Heureux théâtre que ce théâtre, où le plaisir de voir tantôt s’ajoute au plaisir d’entendre, et tantôt — le plus souvent même — y supplée. Quel que soit l’ouvrage qu’il représente, M. Albert Carré consacre le même soin, la même intelligence, le même goût à le représenter. Et s’il se rencontre des œuvres, dont cette représentation fait le mérite plus manifeste, il s’en trouve aussi, dont elle rend plus sensible l’insignifiance, la faiblesse ou le néant. Ainsi, pour notre plaisir toujours, par des moyens pareils et des services inverses, M. le directeur de l’Opéra-Comique sert également la cause de l’art et de la vérité.

Du roman, ou du poème de M. Pierre Louys, il ne reste guère au théâtre qu’un mélodrame un peu gros et deux assez tristes personnages. Le beau sculpteur Démétrios ayant rencontré sur le môle d’Alexandrie Chrysis, la belle courtisane, il lui demanda de l’aimer. Pour prix de ses faveurs, moins coûteuses d’ordinaire, la perverse créature exigea, par serment et d’avance, trois cadeaux précieux : un miroir, un peigne, un collier. Le miroir était le célèbre miroir de Rhodope ; le peigne brillait dans les cheveux de la femme du grand prêtre ; enfin le collier de perles, à sept rangs, flottait sur le sein de la statue, sculptée par le sculpteur lui-même, de la déesse Aphrodite. Démétrios commit le triple attentat et conquit le triple trésor.

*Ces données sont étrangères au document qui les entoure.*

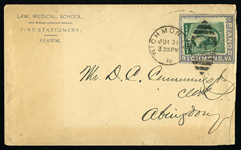 UNITED STATES OF AMERICA: 213: 2¢ green Washington tied inside West & Johnson BOOKS, STATIONERY & PIANOS illustrated ADVERTISING STAMP COLLAR cover from Richmond, VA 31 JUL 89 to Abingdon, somewhat toned and reduced at right, with letterhead contents, scarce. (Image)

Voleur, assassin et sacrilège, il vit Chrysis accourir et tomber dans ses bras ; mais par un retour assez singulier, défaillance ou remords, c’est à peine s’il daigna l’y recevoir et l’y retenir. Sans compter que, par une revanche encore moins glorieuse, il lui fit jurer de se dénoncer elle-même et, pour cela, de paraître devant toute la ville, ayant le miroir à la main, le peigne dans sa chevelure, autour de son cou le collier. « J’irai, daigna-t-il seulement lui promettre, j’irai te dire adieu demain dans ta prison. » Mais il manqua même à ce dernier rendez-vous, et l’amoureuse hétaïre ferma ses paupières, appesanties par la ciguë, sans revoir le lâche héros qu’elle avait fait criminel, et qui n’avait osé recevoir de ses crimes ni la récompense ni le châtiment.

La partition de M. Erlanger a pour élémens le « tout à l’orchestre » habituel et l’inévitable leitmotiv, ces deux principes de l’idéal d’hier, lequel est en train de devenir le système d’aujourd’hui et le poncif de demain.

Les thèmes conducteurs d’Aphrodite ont généralement peu de relief et de couleur, en dépit des modes orientaux qui parfois les régissent, mais n’arrivent guère à les caractériser. Ils reviennent, comme bien vous pensez, le plus souvent qu’ils peuvent ; je crois même qu’ils se combinent et se transforment avec un louable zèle. Ils font enfin, de leur mieux, leur métier de leitmotiv. Mais à la longue on nous l’a gâté, ce métier. Il nous rebute maintenant et nous excède. Nous demandons que pour créer des caractères et pour animer des personnages, la musique de théâtre trouve d’autres moyens, d’autres ressources d’analyse ou de psychologie, et que, des profondeurs de son être, elle fasse jaillir une source nouvelle de vie et de vérité.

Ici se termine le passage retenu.